Our multitude of small devices themselves can stay "dumb", but it'd be a huge
missed opportunity to totally cut them off from the software world.

A robot turning knobs and pushing buttons as grandparent seems to suggest is a
romantic vision that doesn't hold up well to the real world.

------
titzer
"Such a world will bring many benefits. Consumers will get convenience, and
products that can do things non-computerised versions cannot. Amazon’s Ring
smart doorbells, for instance, come equipped with motion sensors and video
cameras. Working together, they can also form what is, in effect, a private
CCTV network, allowing the firm to offer its customers a “digital
neighbourhood-watch” scheme and pass any interesting video along to the
police."

This is the best they could come up with as an example for the "many
benefits"? Tilt your head only slightly privacy-leaning and this looks like a
terrifying dystopia.

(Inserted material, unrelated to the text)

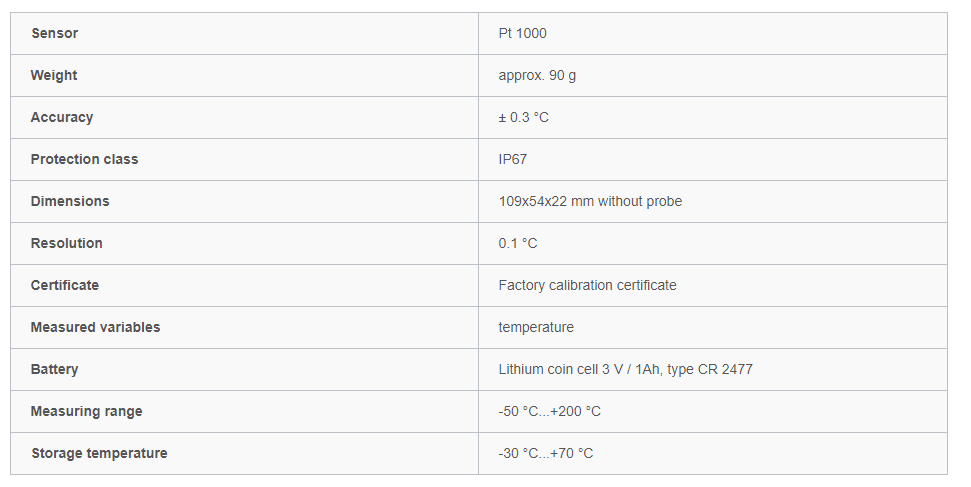 • Complete with Pt1000 pointed probe (L = 120mm, ø 3mm )

Of course the Orwellian nightmare won't come to "law
abiding" middle and upper-class citizens, who will most be tracked as
unwitting lab rats by mega tech firms intent on understanding every aspect of
human life in order to monetize it, usually through ads and Chinese-style
digital karma, but the marginalized groups--ethnic minorities, political
dissidents, and the "mentally unstable" will be persecuted and hounded
endlessly by digital means. With mass shootings all over the US, it's only a
matter of time until they weaponize the already-built surveillance network to
red-flag people. As usual, our own fear of each other is way out ahead, on the
leading edge of technology.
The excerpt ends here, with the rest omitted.